Microsoft ( MSFT) has a tough act to follow: itself.

After running up 39% since mid-June, the software giant will have to convince investors that there's room for the stock to grow.

It may be a tough sell -- in the short run, at least. With second-quarter earnings hitting the wire after Thursday's close, the consensus of the sell-side analysts who follow the stock is a target price of $32.35, not much above Wednesday's closing price of $31.09.

But give it a few quarters, say managers who hold the stock, and the picture could change. "Microsoft underperformed the market for so long, now that it's moving, it's like an oil tanker -- hard to stop," says Alan Lowenstein, a portfolio manager with American Fund Advisers.

For the first time in years, the company is getting the kind of feel-good buzz usually reserved for Apple ( AAPL). Lowenstein and other Microsoft bulls cite two recent developments to bolster their case:

  • The so-far successful launch of Vista, the first new version of Windows in about five years, is a big one. Major business customers got their hands on the long-delayed product in November, and sales were reportedly stronger than expected. Consumers will get the software next week, and it will come pre-installed on the vast majority of new PCs sold in the world.
  • With Sony (SNE) lagging badly in the video game-console race, cumulative sales of Xbox 360 hit 10.4 million units in December, comfortably above Wall Street's and Microsoft's expectations.

Also important was the stronger-than-expected showing during the holiday season of the high-priced version of the Windows XP operating system, called the Media Center Edition. UBS analyst Heather Bellini says the extra sales could result in an additional $165 million of revenue and a penny a share in incremental earnings. (Her company has an investment banking relationship with Microsoft.)

Moreover, most versions of Vista are more expensive than corresponding versions of older versions of Windows, so revenue and margins will both get a boost -- but not immediately.

Most analysts who really understand how large businesses purchase technology believe the new software won't be a massive seller until late 2007 or 2008. That's because IT budgets aren't what they used to be, and in any case, moving to a new version of an operating system takes lots of time to test against the myriad other software programs already in use.

Still, there's plenty of enthusiasm on the buy side.

Brent McGibbon, principal of McGibbon Asset Management and a holder of the stock, has been impressed with the company's success in the gaming arena. He figures Microsoft may realize a profit on the Xbox 360 ahead of its 2008 target and praises the company for "its innovative work," not a phrase generally associated with Microsoft.

His price target: "Maybe as high as $50 in the next 12 to 18 months."

Read the Fine Print

Because Vista and the newest version of Office software are shipping so late, Microsoft opted to give customers an upgrade coupon for both products. It was probably a smart move from a marketing perspective, but it creates a number of complications related to revenue recognition.

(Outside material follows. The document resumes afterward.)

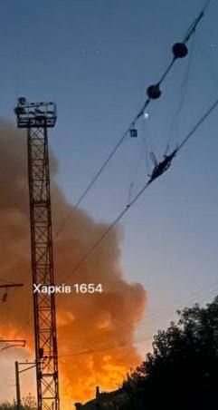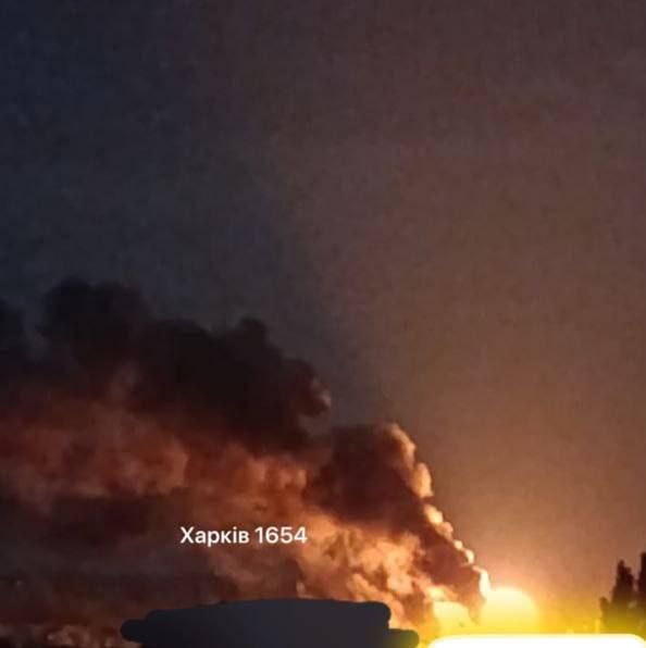 Кадры ночного пожара после ударов "Гераней" по объектам врага в Харькове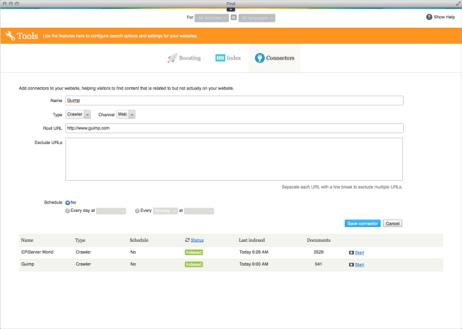 We are now introducing a new way of getting your site indexed. As a complement to pushing items to the index, it is now possible to use a crawler to index your content. We are doing this through our connector framework and we're calling it "Find Connections". From the get-go, we will have a web crawler and a RSS feed crawler available – these are perfect if for instance you want to crawl an external blog site. In the future it is likely that we will add several more connectors to the list.

At first glance, the company's numbers are likely to suffer in comparison to the year-ago quarter. But if Wall Street is right, the company actually did rather well. Here's how to read the fine print in the earnings release:

The guarantee will trip about $1 billion from the client business unit, the group that includes Windows, Microsoft estimates. But those dollars will be reflected on the balance sheet as deferred or unearned revenue. Ultimately, revenue from the guarantee will move back to the income statement in much the same way any deferred revenue would.

A year ago, the company's client unit added $3.4 billion to the top line. Microsoft figures it will be more like $2.5 billion to $2.6 billion in the most recent December quarter before adding back deferred revenue. If the total of actual plus deferred revenue is much below $3.6 billion, something went wrong.

Similarly, the business division, which oversees sales of Office, will experience a shift of some $500 million away from the income statement and onto the balance sheet. A year ago, the group posted revenue of $3.7 billion. This year it likely will range from $3.3 billion to $3.4 billion, the company says. Adding back revenue from the guarantee (for the newest version of Office) should bring the total to about $3.8 billion.

Naturally, the guarantee also affects the overall top line. The company expects revenue of $11.8 billion to $12.4 billion in the quarter, which would be flat with the year-ago period. But that excludes $1.5 billion in deferred guarantee money. If the forecast is accurate, total revenue will be the equivalent of $13.5 billion to $13.8 billion, or growth of 12% to 17%.

On the bottom line, Microsoft expects an EPS of 22 cents to 24 cents a share, which is 29% to 35% below the 2006 quarter. But adding back 11 cents to reflect the guarantee moves the needle to an EPS of 33 cents to 35 cents a share.

Wall Street, which is well aware of the issue, is looking for an EPS of 23 cents on total revenue of $12.07 billion.